Below is an overview of the project structure and the contents of each component:

Medical-Appointment-No-Show-Prediction
├── data/
│ ├── input/ # Raw data files.
│ ├── processed/ # Data files that have been cleaned and preprocessed.
│ ├── output/ # Output data files, including model predictions.
│ ├── features/ # Contains the important features used for filtering the data.
│ └── hyperparameters/ # Contains the best hyperparameters obtained from Hyperopt tuning.
├── src/
│ ├── data_loader.py # Script for loading and preprocessing data.
│ ├── preprocessing.py # Script containing data preprocessing functions.
│ ├── feature_engineering.py # Script for feature engineering tasks.
│ ├── modeling.py # Contains model training, evaluation, and prediction scripts.
│ ├── train.py # Main script for training the model.
│ ├── predict.py # Script for making predictions using the trained model.
│ ├── requirements.txt # Lists the Python dependencies required for the project.
│ └── snowflake_creds.py # Contains credentials for Snowflake database access.
├── model/ # Trained model files and artifacts.
├── deployment_assets/ # Files and scripts used for deploying the model.
├── Snowflake_assets/ # Original data file for database creation and SQL queries for exploratory analysis.
├── Project Notebook.ipynb # Jupyter notebook detailing the model development process.
├── Project Documentation.pdf # Comprehensive documentation of the project.
├── Model Deployment.ipynb # Jupyter notebook detailing the model deployment process.

Usage

Clone the Repository

Clone the project repository to local machine.

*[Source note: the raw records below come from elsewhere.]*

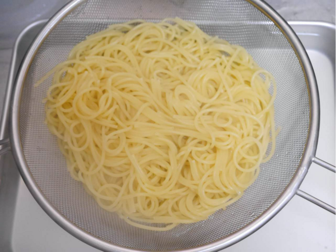 - スパゲッティが茹であがったら、麺をザルに移し、水気を切る。
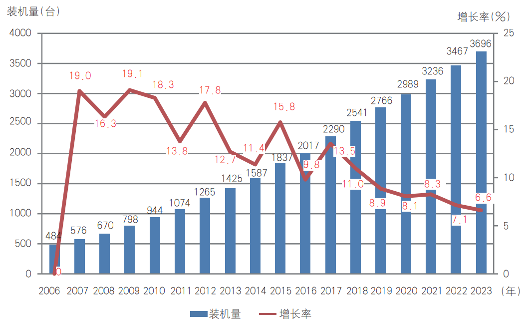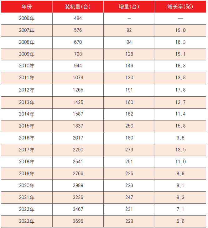 表1 2006~2023年中國(guó)內(nèi)地機(jī)組式柔性版印刷機(jī)裝機(jī)量及增長(zhǎng)率
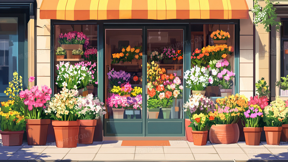 本作品内容为花店门口环境插画, 格式为 jpg, 大小4 MB, 图片尺寸为2912 x 1632, 源文件无水印, 欢迎使用熊猫办公。 如认为平台内容涉嫌侵权,可通过邮件:tousu@tukuppt.com提出书面通知,我们将及时处理。
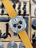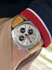 Features: Stunning original "panda" dial (silver sunburst with contrasting black sub-registers); unique tension ring crystal with inner tachymeter scale for calculating the average speed of a moving object over time (i.e. racing applications); original hands with matching yellow patina; legendary Valjoux 72 movement with 12-hour chronograph recording capability and smooth column-wheel activation; unpolished 37mm stainless steel case with original winding crown
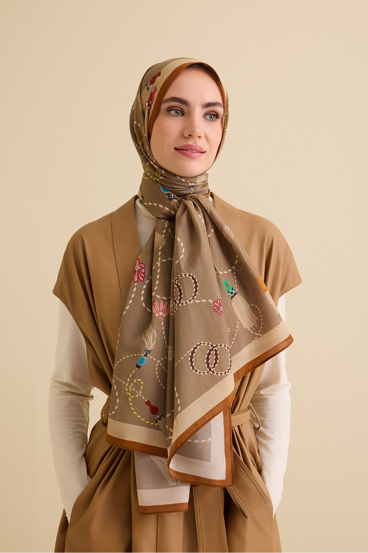 Kenarlarındaki püskül detayları, sade şıklığa hareket ve karakter katar. Günlük kombinlerden özel davetlere kadar geniş bir kullanım alanına sahiptir.
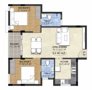- Provision for exhaust fan, refrigerator, and water purifier.
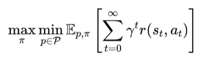 이러한 전이확률로 인한 강건성을 향상시키기 위해 등장한 개념이 Robust MDP이다. 아래 수식을 참조하면, 하나의 전이확률을 사용하는 대신 전이확률 집합을 가정하고, 그 중 최악의 성능을 보여주는 상황을 가정하고, 그 상황에서 보상을 최대화시키는 방식이다.
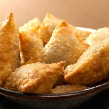Porção de mini pastéis (pizza/ queijo mussarela / calabreza com queijo). Aproximadamente 8 cm.
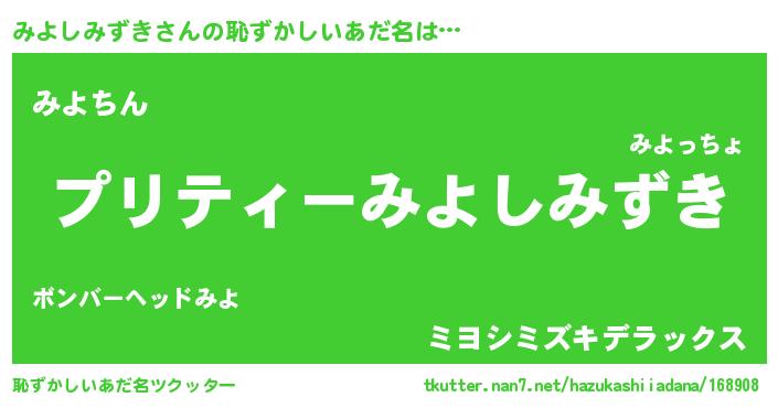 | ヘコむあだ名 | 『みよふぇ~』『みよしみずき(笑)』 |
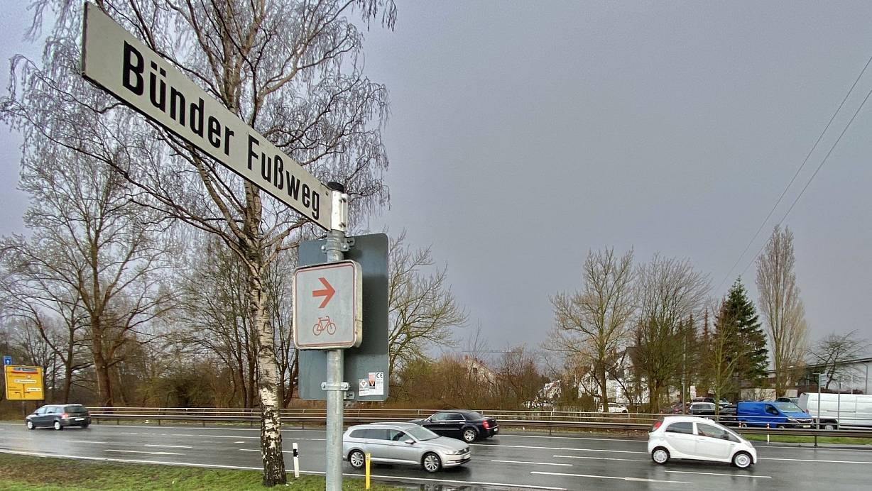 Eine mögliche Querungsstelle von Hiddenhausen ins Stadtgebiet nach Herford ist der Bünder Fußweg, der aus Sundern kommt. Wie sich die B239/B61 für Radfahrer schnell und sicher überwinden ließe, steht zur Diskussion. | © Alexander Jenniches
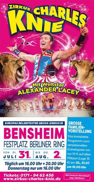 BENSHEIM, Juni 2018 (meli), Der in Monte Carlo im Jahre 2017 preisgekrönteZirkus Charles Knie kommt zu einem Gastspiel in unsere Stadt und gastiert vom 31. Juli bis 2. August auf dem Festplatz Berliner Ring in Bensheim.
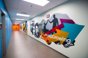 - Logo Firmy: Jednym z najczęstszych zastosowań druku na ścianie w biurze jest nadrukowanie logo firmy. Logo umieszczone na widocznej ścianie od razu przyciąga uwagę i stanowi doskonałe narzędzie budowania świadomości marki zarówno wśród pracowników, jak i odwiedzających.
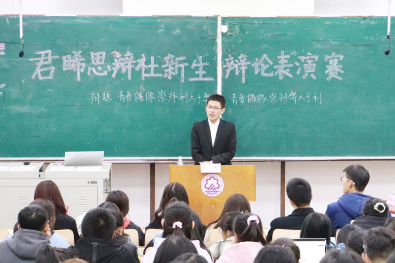 本次辩论表演赛的辩题为“青春偶像崇拜利大于弊还是弊大于利”。主席由君睎思辩社社长刘昕霏担任,计时由君睎思辩社办公室部长丛海越负责。在比赛开始前,刘昕霏介绍了比赛流程及规则并宣读本次辩论表演赛辩题。随后,双方辩友进行了自我介绍。
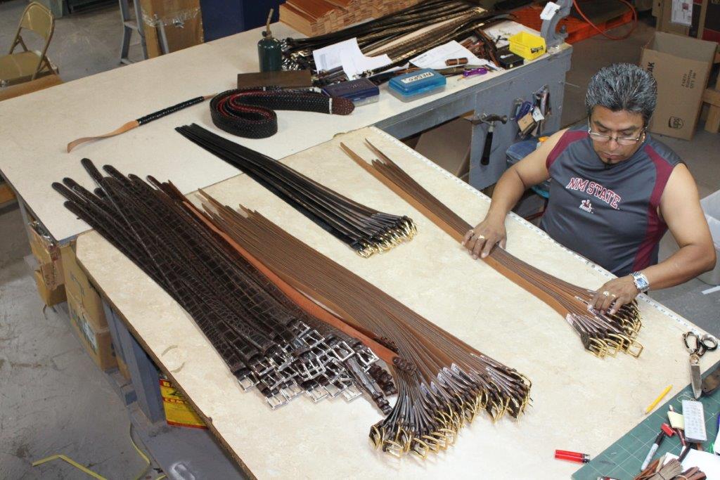 Magna Leather is the leading manufacturer of exotic skin belts in the United States. We have over 25 years of experience making the finest belts in the market. At Magna each belt is masterfully handcrafted in El Paso, Texas, by one of our 25 full-time artisans, each of them having more than 15 years of experience in the field. Our continued success is due to the combination of unparalleled skilled workmanship, the finest raw materials available, and our high quality standards.
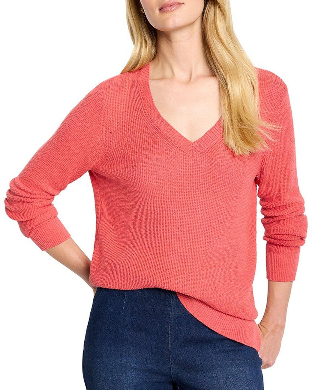 - Waffle Stitch V-Neck Sweater
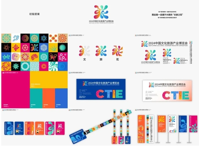 展会形象最初的设计思路由“旅”字展开,在用文字设计LOGO时需要考虑到文字的变形、尽可能地符号化以及除文字本身外其他意义的赋予,因此在经历诸多尝试后,最终将“文”字与“旅”字融合,同时采用圆角的形式进行笔画表现,使文字笔画产生如同花瓣绽放一般的感觉,也就赋予了它除却文字本身的其他意义——花朵的意义。再通过LOGO的演绎创造出多种多样的辅助图形,而每个辅助图形都呈现出不同的花朵样式,所以也就有了更大的理念“每一个城市都有一朵属于自己的市花,本标志也是一朵大家共同赋予的文旅之花”。
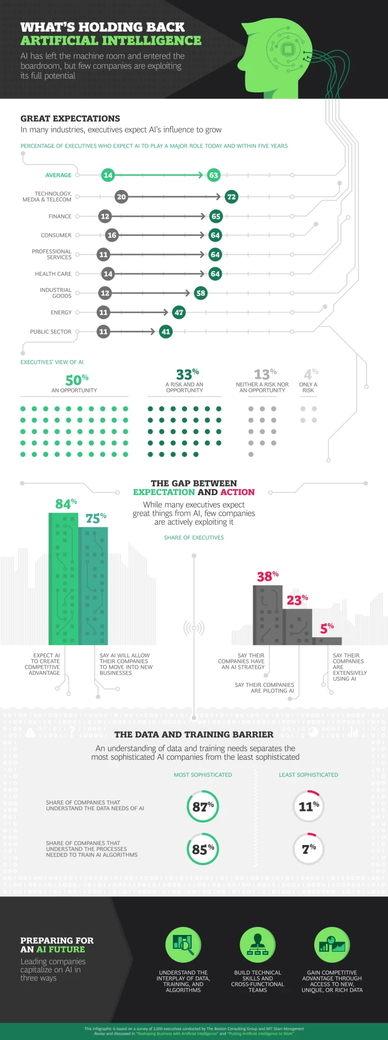 This infographic is based on a survey of 3,000 executives conducted by The Boston Consulting Group and MIT Sloan Management Review and discussed in “Is Your Business Ready for Artificial Intelligence?” and “Putting Artificial Intelligence to Work.”

git clone https://github.com/TimKong21/Medical-Appointment-No-Show-Prediction.git
cd Medical-Appointment-No-Show-Prediction

Set Up a Virtual Environment

Create and activate a virtual environment to manage the project's dependencies.
```
# Create a virtual environment
python -m venv env
```
Activate the virtual environment.
```
# On Windows
env\Scripts\activate

# On MacOS/Linux
source env/bin/activate
```
Install Dependencies

Install the required Python dependencies.
```
pip install -r src/requirements.txt
```
Model Training

Train the model and make predictions.
```
cd src
python train.py
python predict.py
```
Model Deployment

For deploying the model to AWS SageMaker and setting up the necessary AWS services for model invocation and API exposure, follow step 1 to step 6 on Model Deployment.ipynb. This notebook provides detailed steps for deploying the model to AWS SageMaker, creating an AWS Lambda function, and configuring an Amazon API Gateway to expose the model as a RESTful service.
Testing and Validating with POSTMAN

After deployment, follow step 7 on Model Deployment.ipynb to test and validate the model's functionality using POSTMAN. This involves sending requests to the deployed model's API endpoint and verifying the responses to ensure the model operates as expected.

For a comprehensive understanding of the project, refer to:

Project Notebook.ipynb for detail model development process.
Model Deployment.ipynb for detail model deployment process.
Project Documentation.pdf for comprehensive project documentation.